Probably about his own age, she had her helmet slung from her saddlehorn, and let her shoulder-length blonde curls fly free in the steppe wind. She carried slightly different weapons: a shorter, more gently curved sword with a solid brass hilt bearing both a crossguard and a knucklebow, and a small steel crossbow held in her lap. Her eyes, pale lavender, came to rest on him. She scanned him carefully, then smiled. It was almost as if she…
Liked what she saw. Huh. That had never happened to him before. He pulled himself straight and bowed in the Jalabartan fashion. When he realized he had dropped his scythe to do so, he scrambled to snatch it back up. Rising, he saw her laughing faintly, and a man behind her staring him down intensely.
This one’s features were lighter than a Jalabartan's but darker than the girl's, and his medium-long hair and short beard were a wavy dark brown. His eyes were the same color, and they rested on Yuya's shoulder. He brought his right hand up for Yuya to clearly see. His sleeve, Yuya realized, was an uncannily modern-looking print pattern of photorealistic oak leaves, as was a nylon backpack tied among his saddlebags. And on the back of his hand…

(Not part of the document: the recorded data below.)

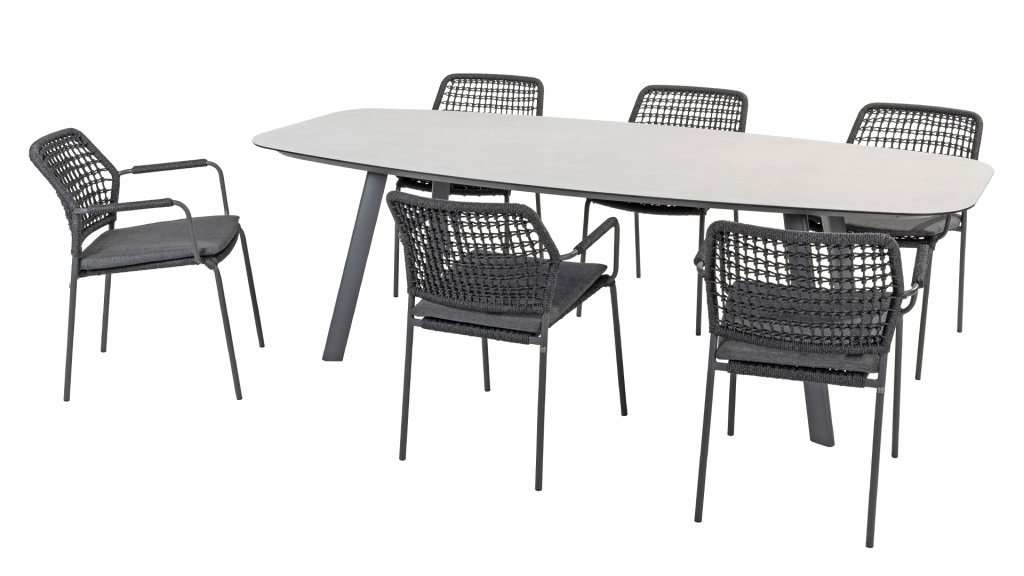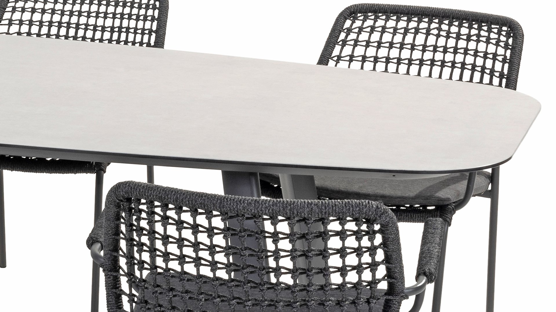 Looking for a low-maintenance table with a modern look? Then consider the Taste by 4 Seasons Outdoor Manolo 240cm, available in anthracite, latte, and terre. The shape of the tabletop and the position of the aluminum legs make this table incredibly practical. This shape creates ample space on all sides. The table's distinctive design features a Danish oval tabletop made of glass-printed ceramic, allowing it to remain outdoors year-round. No room for a 240cm table? The Taste 4 Seasons Manolo 75cm or 180cm are alternatives; both sizes are available in latte, anthracite, and terre.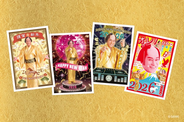 マツケンが華々しくフィーチャーされた年賀状は、宛名のQRコードをスマホで読み込むと、マツケンから新年のお祝いメッセージが流れる豪華な特典付き♪(マツケンボイスは2026年1月31日までの公開)
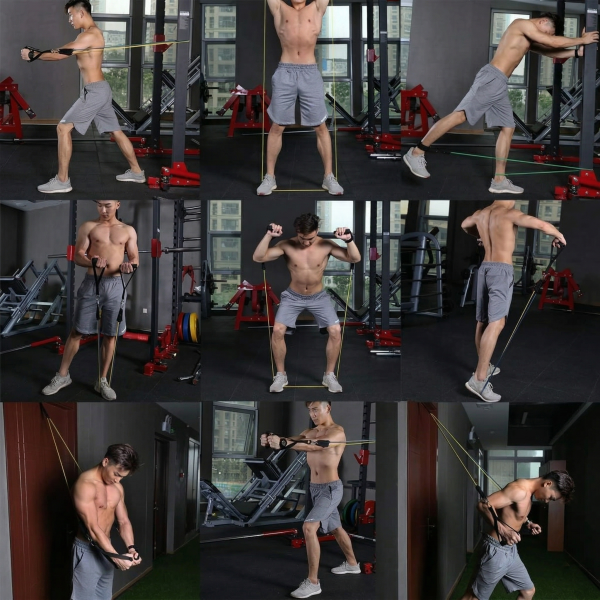 • Богатая комплектация: в набор входят 5 латексных трубок с надежными карабинами, 2 ручки, 2 манжеты для ног, дверной фиксатор и удобная сумка для хранения.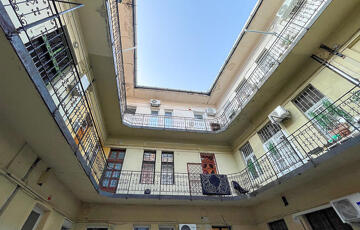 Corvin negyedben első emelet magasságában lévő, de ingatlan-nyilvántartás szerint földszinti, világos lakás eladó.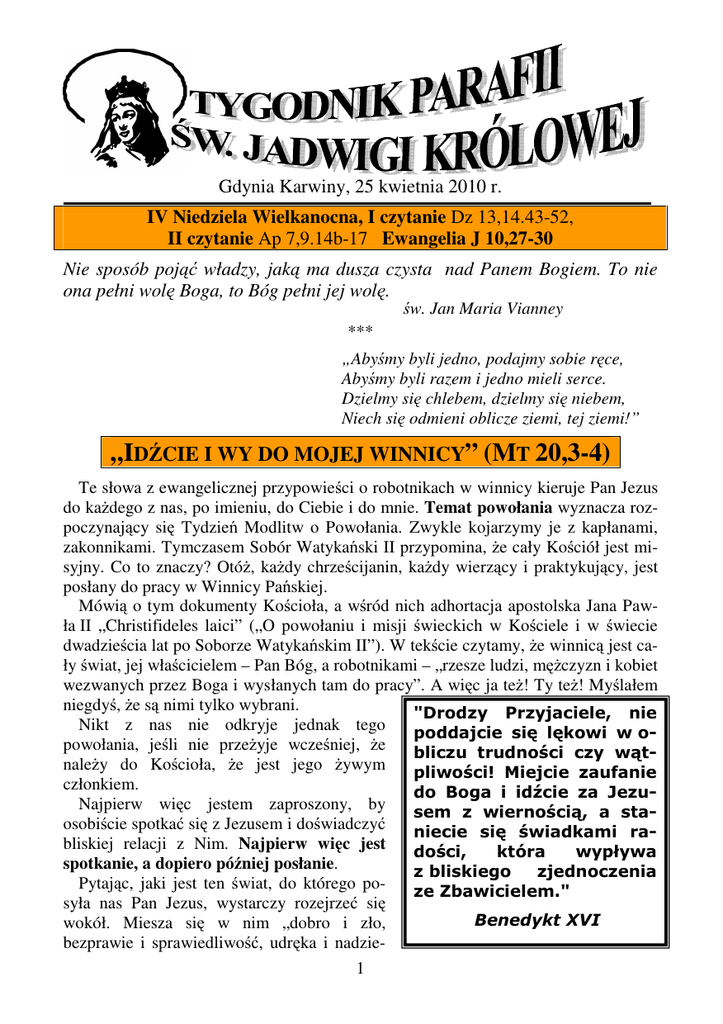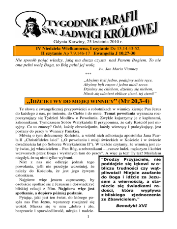 Gdynia Karwiny, 25 kwietnia 2010 r. IV Niedziela Wielkanocna, I czytanie Dz 13,14.43-52, II czytanie Ap 7,9.14b-17 Ewangelia J 10,27-30 Nie sposób pojąć władzy, jaką ma dusza czysta nad Panem Bogiem. To nie ona pełni wolę Boga, to Bóg pełni jej wolę. św. Jan Maria Vianney *** „Abyśmy byli jedno, podajmy sobie ręce, Abyśmy byli razem i jedno mieli serce. Dzielmy się chlebem, dzielmy się niebem, Niech się odmieni oblicze ziemi, tej ziemi!” „IDŹCIE I WY DO MOJEJ WINNICY” (MT 20,3-4) Te słowa z ewangelicznej przypowieści o robotnikach w winnicy kieruje Pan Jezus do każdego z nas, po imieniu, do Ciebie i do mnie. Temat powołania wyznacza rozpoczynający się Tydzień Modlitw o Powołania. Zwykle kojarzymy je z kapłanami, zakonnikami. Tymczasem Sobór Watykański II przypomina, że cały Kościół jest misyjny. Co to znaczy? Otóż, każdy chrześcijanin, każdy wierzący i praktykujący, jest posłany do pracy w Winnicy Pańskiej. Mówią o tym dokumenty Kościoła, a wśród nich adhortacja apostolska Jana Pawła II „Christifideles laici” („O powołaniu i misji świeckich w Kościele i w świecie dwadzieścia lat po Soborze Watykańskim II”). W tekście czytamy, że winnicą jest cały świat, jej właścicielem – Pan Bóg, a robotnikami – „rzesze ludzi, mężczyzn i kobiet wezwanych przez Boga i wysłanych tam do pracy”. A więc ja też! Ty też! Myślałem niegdyś, że są nimi tylko wybrani. "Drodzy Przyjaciele, nie Nikt z nas nie odkryje jednak tego poddajcie się lękowi w opowołania, jeśli nie przeżyje wcześniej, że bliczu trudności czy wątnależy do Kościoła, że jest jego żywym pliwości! Miejcie zaufanie członkiem. do Boga i idźcie za JezuNajpierw więc jestem zaproszony, by sem z wiernością, a staosobiście spotkać się z Jezusem i doświadczyć niecie się świadkami rabliskiej relacji z Nim. Najpierw więc jest dości, która wypływa spotkanie, a dopiero później posłanie. z bliskiego zjednoczenia Pytając, jaki jest ten świat, do którego poze Zbawicielem." syła nas Pan Jezus, wystarczy rozejrzeć się Benedykt XVI wokół. Miesza się w nim „dobro i zło, bezprawie i sprawiedliwość, udręka i nadzie1 ja”. A my, chrześcijanie, mamy być solą ziemi i światłem świata (Mt 5,13-14), bo pierwszym i podstawowym naszym powołaniem jest powołanie do świętości, czyli do doskonałości w miłości. Z tekstu adhortacji wynika, też, jak bardzo ważne jest zaangażowanie na terenie własnej parafii, w której każdy z może służyć tym darem, który otrzymał. Sama doświadczam, ile radości, satysfakcji płynie z tego, że mogę służyć innym! A miejsca dla nikogo z nas nie zabraknie. Tyle jest obszarów apostolskiego działania. W tym tygodniu warto więc zapytać siebie: - Czy pracuję w Winnicy Pańskiej? - Czy zastanawiam się do czego jestem powołany? - Czy staram się, najlepiej jak umiem, wypełniać to powołanie? Im więcej bowiem będzie nas, ludzi świeckich, owianych duchem ewangelizacyjnym, tym naprawdę będzie zmieniać się oblicze ziemi, tej ziemi. Krystyna HISTORYCZNA BUDOWLA Wiele pięknych słów napisano o naszym mieście, ale chyba najtrafniej określono je hasłem: „Gdynia – miasto z morza i marzeń”. Dla ścisłości i prawdy historycznej należałoby jeszcze dodać, że Gdynia powstała również z węgla, który był głównym towarem przeładunkowym gdyńskiego portu. Jako jedna z pierwszych powstała baza przeładunku węgla przy nabrzeżu Węglowym, pozostałością z tamtych lat jest także ulica Węglowa w rejonie portu, przez którą przejeżdżały wagony z węglem. Zapotrzebowanie na polski węgiel z każdym rokiem wzrastało, szczególnie w okresie strajku górników angielskich, a jedynym ograniczeniem dalszego zwiększania jego wywozu drogą morską, m.in. do Skandynawii, była trudność dowozu do Gdyni. To zadecydowało o powstaniu nowej linii kolejowej, nazwanej Magistralą Węglową, która połączyła kopalnie śląskie z portem w Gdyni, omijając Wolne Miasto Gdańsk. Budowano ją etapami; rozpoczęto w 1925 roku, a cały szlak transportowy, będący jedną z największych inwestycji kolejowych Polski międzywojennej, oddano do użytku w 1933 roku. Najkosztowniejszy i najtrudniejszy z powodu niekorzystnych warunków terenowych okazał się odcinek Bydgoszcz-Gdynia, przy czym najwięcej trudności sprawiała projektantom i wykonawcom końcowa jego część z Osowy do Gdyni. Występowała tu duża różnica wysokości terenu, nie ułatwiały prac liczne wzniesienia i pagórki, słowem – była to trasa o parametrach górskich. Tymczasem transport ciężkich wagonów z węglem wymagał, by kolej prowadzić w linii prostej, bez ostrych zakrętów, podjazdów i zjazdów. Końcowym i najbardziej imponującym efektem starań budowniczych Magistrali Węglowej jest istniejąca na terenie naszej parafii historyczna budowla inżynierska, usytuowana poniżej przerzuconego nad torami okazałego wiaduktu. Jest to „Wielki Wykop” o wymiarach: 950 metrów długości i ponad 19 metrów głębokości. Sprawia wrażenie naturalnego uskoku pomiędzy dwoma wzniesieniami morenowymi, a został wykonany siłą ludzkich rąk 2 w ciągu dwóch lat, przy użyciu łopat. Pracowały przy nim setki robotników. Ciężki sprzęt ograniczał się jedynie do dwóch parowych koparek. Przemieszczono ponad 400 tys. m kw. ziemi. Wykopany piasek wywożono kolejkami wąskotorowymi w inne miejsca , gdzie użyto go m.in. do budowy nasypów w Małym Kacku i pod stację Kack Wielki, usypano groblę na bagnie, będącym pozostałością po osuszonym na początku XX wieku Jeziorze Wielkokackim. Obecnie dawna magistrala, zelektryfikowana w latach sześćdziesiątych ubiegłego wieku i prowadząca przez Kaszuby do Kościerzyny, jest uznawana za unikatowy na skalę europejską skansen przedwojennej techniki kolejowej, a Wielki Wykop jest jej istotnym elementem. Z nastaniem wiosny i lata zwiększa

It wasn't quite the same symbol that flapped on a Cainite banner above the column, nor the one on Yuya's shoulder. But all three were unmistakably of a kind.
“Where’re you from, kemosabe?”
It took Yuya a moment to regain his voice. “Earth! Nihon! Hajimemashite!” He was surprised he was even able to make himself speak Japanese.
The strange Cainite warrior laughed deep. “Well, howdy do,” he replied in English. “My name's Grant; I'm from Texas. We'll have to catch up!”
Yuya's eyes followed Grant as the Cainite column rode for the outpost gates. Texas. Wasn't that something?
Well, I think I could use a cowboy, about now.